Sina Technology Han Dapeng
Rumor has it that the war on local life services is escalating again.
This morning, Alibaba Group announced the formal establishment of the local life service company, hungry and word of mouth merger to form a local life service platform. Ali defines it as an important milestone, and local living services will become the latest highland of Ali's ecological strategy.
The founding of the new company undoubtedly pushed the battle between Ali and the US regiment to a new climax, following news that the US group's latest financing amount was about $4 billion, and that the new company will receive more than $3 billion in investment and continue to overweight.
The two sides have strong financial resources and the same position. The two strong contends are staged again.
Early warning: generation operation + new company
In the eyes of the outside world, the merger of the two sides is an inevitable event, which has also released a lot of signals.
One signal is that as early as April 2016, when Ali became hungry, the takeout service of the WOM platform was already handed over to the hungry. At that time, Alibaba CEO Zhang Yong also said in an internal letter, as one of the highest frequency of local life services, take-out service is an important entry point in local life. The takeaway service will be developed together with the word-of-mouth service for Ali Ecology to expand a new area of local life services and complete an important step from new retail to new consumption.
The significance of the acquisition of hungry Mo is not only to integrate with word of mouth in the catering and living services, hungry Mo City logistics capacity will also provide important support for Ali's new retail sector.
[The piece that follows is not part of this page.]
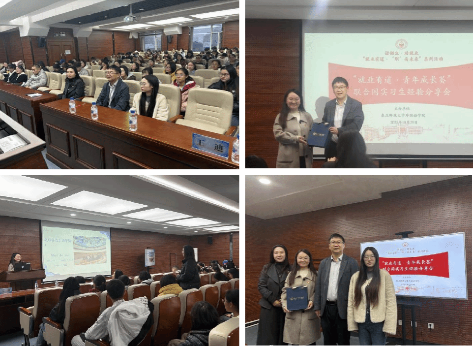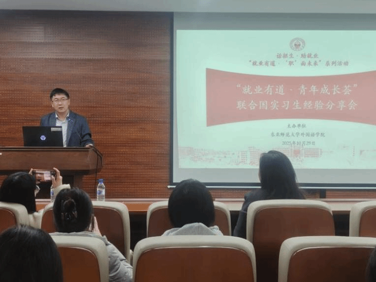 为进一步推动学院“招-培-就”一体化高质量联动,创新优化外语人才培养模式,学院党委精心策划“话招生·助就业”之——“就业有道·青年成长荟”系列活动,首期活动特别邀请学院2025届英语口译专业硕士毕业生王迪担任经验分享嘉宾。作为我校首位享受国家留学基金委资助、获国际组织实习岗位的优秀校友,王迪深度参与国际教育项目的开发协调工作,为外院学子树立了青年参与全球治理的标杆典范。10月29日下午,学院于713报告厅成功举办“联合国实习生经验分享会”,学院党委副书记兼副院长仇云龙、研究生会指导教师刘晨、研究生会执行主席唐燕平出席本次活动,近150余名本研学生踊跃参与,现场氛围积极热烈。
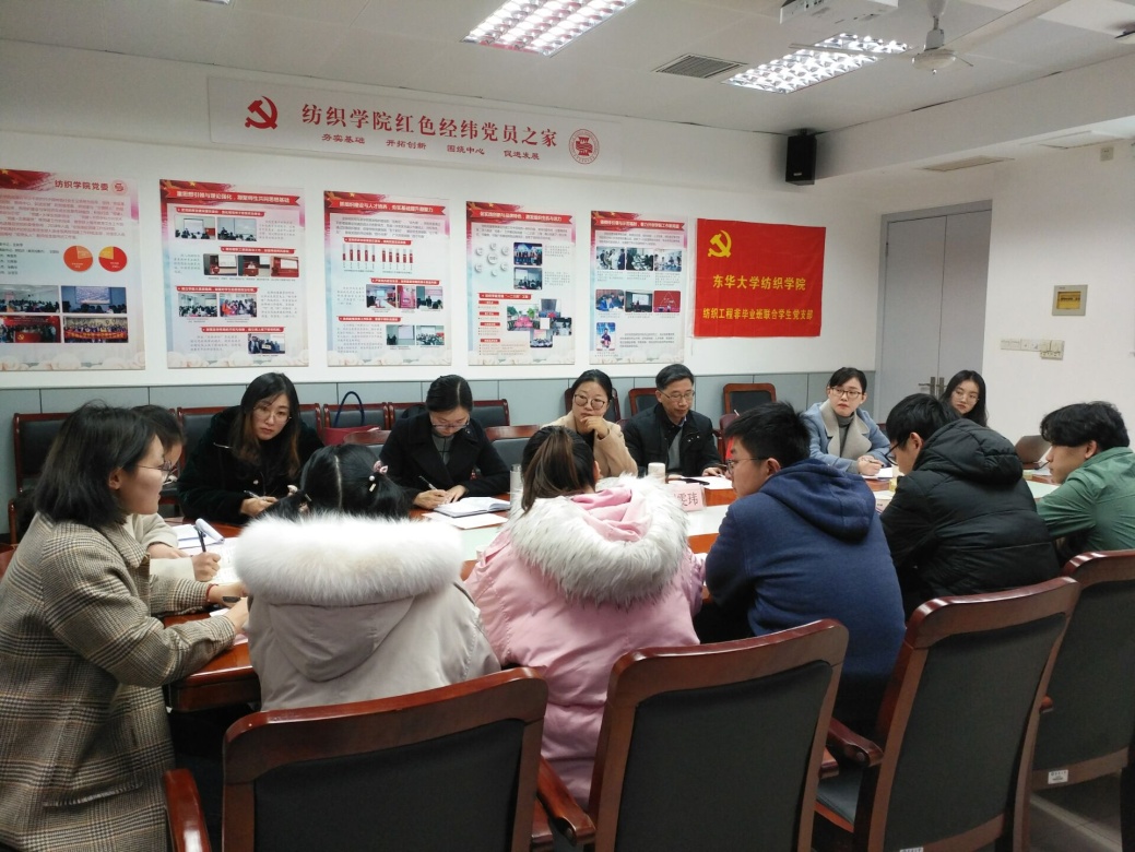 根据上级党组织关于召开2018年度基层党组织组织生活会和开展民主评议党员的部署要求,突出基层党组织政治功能,提高基层党建工作质量,纺织工程非毕业班联合员工党支部于2019年3月14日在3号学院楼3035会议室召开了2018年度组织生活会暨民主评议党员。best365中国官方网站副董事长舒慧生、纺织公司党委副书记刘雯玮、纺织工程非毕业班联合员工党支部全体成员参加此次会议。

For example, Tianmao supermarket, box-and-horse fresh food, smart shop, the integration of hungry delivery capacity will greatly improve efficiency.
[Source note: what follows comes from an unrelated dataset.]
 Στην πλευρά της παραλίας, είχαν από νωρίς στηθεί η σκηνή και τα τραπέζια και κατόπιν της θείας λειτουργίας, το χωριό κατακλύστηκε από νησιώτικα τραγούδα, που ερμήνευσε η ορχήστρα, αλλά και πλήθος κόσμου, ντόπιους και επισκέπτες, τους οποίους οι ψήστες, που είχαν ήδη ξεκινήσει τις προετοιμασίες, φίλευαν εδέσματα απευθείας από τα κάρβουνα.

"The huge three-dimensional local instant distribution network formed by taking-out service will become the necessary commercial infrastructure in the vast new retail scene." Zhang Yong said.
Another signal was that on August 23, Alibaba disclosed in its new quarterly earnings report that it had set up a holding company for local life services, which also held stakes in Moho and Word of mouth. CEO, a new holding company, is also a member of Alibaba group CEO Zhang Yong.
Final purpose: Sniper beauty Corps review
After the establishment of the new company, the takeaway market will directly become a war between Ali and the US regiment.
So far, neither the takeout nor the starvation of the US troupe have made overall profits, and Ali's continued overweighting of the takeout market means that the day of profitability for both sides will not come soon. Integrating word-of-mouth with hungry, Baidu takeout, Ali's intention to snipe at the US troupe in the area of local life services is clearer.
In an exclusive interview with Finance in 2017, CEO Wang Xing mentioned that Ali still holds shares in the company. "We've helped them find a buyer. But he refused to sell out. He must keep some, perhaps to make trouble for us in the future.
Wang Xing also admitted that the US group review will face greater competition pressure in the takeaway and other markets.
The fact is far more than that. The business competition between Ali and Metro is not limited to take-out, catering, ticketing and other areas of local life. There is also a strong convergence between the two sides in wine travel, cloud computing and other business. Although the Metro review has Tencent's support, but if Ali takes a similar strategy to support hunger in a number of businesses? It will also bring a lot of trouble to the diversified layout of the US delegation.